Ночь тихая, душная, луны нет. Звезды тусклые, их мало. Деревья, замыкающие дом со всех сторон, на расстоянии выглядят, как непроницаемая темная масса, как огромный каменный вал. До меня доносится отдаленное, глухое кваканье лягушек; эхо от ударов башенных часов раздается в душной тишине долгое время спустя после того, как они пробили. Мне интересно, каков Блекуотер-Парк днем? Ночью он мне не очень-то нравится.

12-е

День исследований и открытий. День гораздо более интересный во многих отношениях, чем я могла бы это вчера предположить.

Конечно, я начала с осмотра дома.

Центральная часть дома относится ко временам непомерно превознесенной пресловутой королевы Елизаветы. Внизу тянутся параллельно друг другу две огромные длиннейшие галереи с низкими потолками. Они кажутся еще более темными и угрюмыми от безобразных фамильных портретов по стенам, каждый из которых я готова была бы предать огню. Комнаты этажом выше не требуют ремонта, но ими редко пользуются. Вежливая домоправительница, сопровождавшая меня, предложила мне осмотреть их, но предупредила, что я найду их несколько запущенными. Моя заинтересованность в чистоте своих юбок и чулок превышает мой интерес ко всем елизаветинским спальням во всем королевстве, и потому я твердо отказалась пачкать свою одежду, исследуя древнюю грязь и пыль. Домоправительница сказала: «Я разделяю ваше мнение, мисс» – и, по-видимому, считает меня теперь самой благоразумной из всех знакомых ей женщин.

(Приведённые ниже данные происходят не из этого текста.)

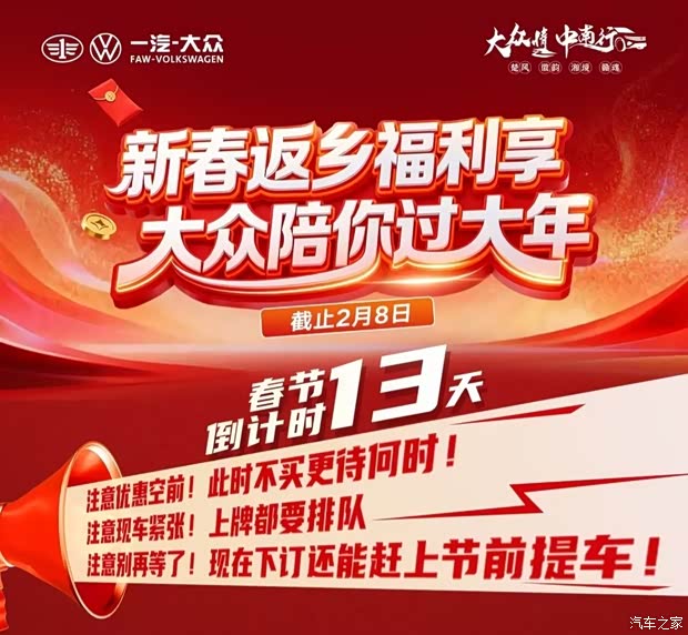 团圆不必等待,好礼无需错过。一汽-大众以满满的诚意,打造新春返乡购车盛宴,用多重豪礼致敬每一位奔波的返乡人,助力每一个家庭实现“新春开新车”的心愿。现在前往一汽-大众线下
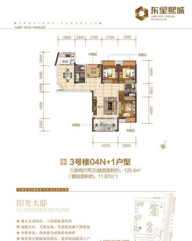 3室2厅2卫-东星·熙城—3#04 N+1 三房两厅两卫
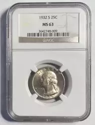 Reverse: The heraldic eagle is centered in the design with the words UNITED STATES OF AMERICA and QUAR. DOL. around the periphery. A ribbon above the eagle's head bears the motto IN GOD WE TRUST
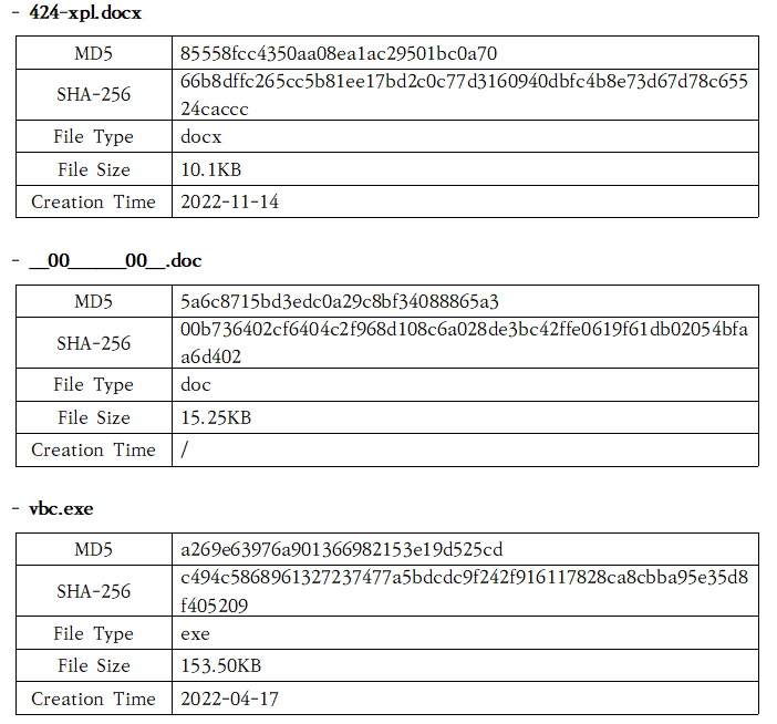 최종적으로 00____00__.doc 파일에서 vbc.exe라는 실행 파일을 다운로드 받는 것을 확인할 수 있었다.

На этом закончим описание главного здания. К нему справа и слева примыкают два крыла. Полуразрушенное левое крыло когда-то было самостоятельным зданием; оно построено в XIV веке. Один из предков сэра Персиваля по материнской линии – не помню и не интересуюсь, кто именно, – пристроил к нему главное здание во времена вышеупомянутой королевы Елизаветы. Домоправительница сказала, что знатоки и ценители считают архитектуру и отделку левого крыла весьма примечательными. Дальнейшие исследования показали, что знатоки, судившие о достопримечательностях замка сэра Персиваля, могли оценить сей замок, только победив свой страх перед крысами, плесенью и мраком. Я призналась домоправительнице, что я отнюдь не знаток, и намекнула, что к «древнему крылу» не мешало бы отнестись так же, как к елизаветинским спальням. Домоправительница снова сказала: «Я разделяю ваше мнение, мисс» – и посмотрела на меня, не скрывая своего восторга перед моим удивительным здравым смыслом.

Мы направились к правому крылу, пристроенному во время Георга II, дабы закончить осмотр архитектурной неразберихи в Блекуотер-Парке.

Это обитаемая часть дома, отремонтированная и отделанная для Лоры. Мои две комнаты и остальные спальни находятся на втором этаже. На нижнем этаже расположены гостиная, столовая, малая гостиная, библиотека и хорошенький маленький будуар для Лоры. Комнаты изящно убраны в современном вкусе и роскошно обставлены элегантной современной мебелью. Они не такие просторные и светлые, как наши комнаты в Лиммеридже, но в них приятно жить. Памятуя рассказы о Блекуотер-Парке, я страшно боялась утомительных антикварных стульев, мрачных цветных стекол, пыльных ветхих драпировок и всего этого древнего хлама, который собирают вокруг себя люди, лишенные чувства комфорта и презревшие удобства своих друзей. Я с невыразимым облегчением увидела, что девятнадцатое столетие вторглось в будущий дом мой и вытеснило дряхлые «добрые, старые времена» из обихода нашей повседневной жизни.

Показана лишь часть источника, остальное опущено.